Pakistan Airlines v. Ople[13] is a labor dispute between a foreign corporation licensed to do business in the Philippines and two workers who worked in Pakistan for said corporation under two separate contracts, executed in the Philippines, which contain a choice-of-law and venue restriction. Under said contracts, the law of Pakistan is adopted as the applicable law of the agreement and the venue for settlement of any dispute arising out of or in connection with the agreement should only be in the courts of Karachi, Pakistan. Later, through letters sent to the workers, their employment was terminated.
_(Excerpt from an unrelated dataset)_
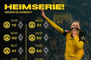 多特官方社媒晒出主场对阵门兴的战绩图片,庆祝球队取胜,近13次主场对阵门兴,多特全部取胜。

The Supreme Court was tasked to strike a balance between the autonomy of contracts and the public policy of the Philippines on protection to labor. Obviously, the latter prevailed.

The governing principle is that parties may not contract away applicable provisions of law, especially peremptory provisions dealing with matters heavily impressed with public interest. The law relating to labor and employment is clearly such an area and parties are not at liberty to insulate themselves and their relationships from the impact of labor laws and regulations by simply contracting with each other.  It is thus necessary to read the contractual provisions side by side with applicable Philippine laws and regulations.
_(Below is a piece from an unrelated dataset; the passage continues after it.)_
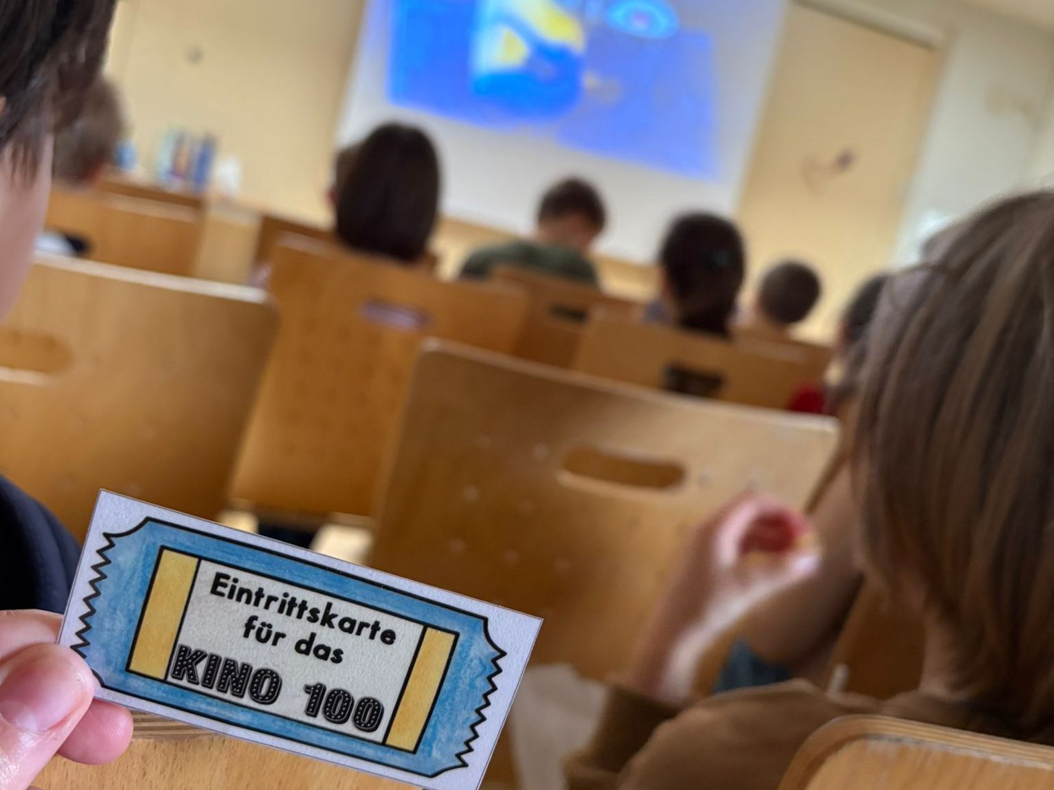 Gemeinsam luden die Klassentiere Mimi, Mo und Willi zu einer kleinen Filmvorführung im Kino 100 ein.

Opting to override the contractual choice of law in the employment agreement, the Supreme Court analyzed the points of contact in the case. It said: “Even a cursory scrutiny of the relevant circumstances of this case will show the multiple and substantive contacts between Philippine law and Philippine courts, on the one hand, and the relationship between the parties, upon the other:  the contract was not only executed in the Philippines, it was also performed here, at least partially; private respondents are Philippine citizens and residents, while petitioner, although a foreign corporation, is licensed to do business (and actually doing business) and hence resident in the Philippines; lastly, private respondents were based in the Philippines in between their assigned flights to the Middle East and Europe. All the above contacts point to the Philippine courts and administrative agencies as a proper forum for the resolution of contractual disputes between the parties. Under these circumstances, paragraph 10 of the employment agreement cannot be given effect so as to oust Philippine agencies and courts of the jurisdiction vested upon them by Philippine law. Finally, and in any event, the petitioner PIA did not undertake to plead and prove the contents of Pakistan law on the matter; it must therefore be presumed that the applicable provisions of the law of Pakistan are the same as the applicable provisions of Philippine law.”


[1] 563 Phil. 1 [ G.R. No. 145587. October 26, 2007 ].

[2] Article 1306 of the New Civil Code of the Philippines.

[3] Coquia & E.A. Pangalangan, CONFLICT OF LAWS 157 (1995), p. 144.

[4] Cramton, Currie, Kay, CONFLICT OF LAWS CASES AND COMMENTARIES 56.

[5] Philippine Export and Loan Guarantee Corporation v. V.P. Eusebio Construction Inc., et al., G.R. No. 140047, July 14, 2004.

[6] See the Labor Code of the Philippines.

[7] Ting v. Court of Appeals, G.R. No. 146174, July 12, 2006.

[8] Bank of the Philippine Islands v. Uy, G.R. No. 156994, August 31, 2005.

[9] I Alcantara, PHILIPPINE LABOR AND SOCIAL LEGISLATION 1052 (1999).

[10] Royal Crown Internationale v. NLRC, G.R. No. 78085, October 16, 1989, 178 SCRA 569; see also G & M (Phil.), Inc. v. Willie Batomalaque, G.R. No. 151849, June 23, 2005, 461 SCRA 111.

[11] Agabon v. NLRC, G.R. No. 158693, November 17, 2004.

[12] 205 U.S. 349 (1907).

[13] 268 Phil. 92 [ G.R. No. 61594. September 28, 1990 ].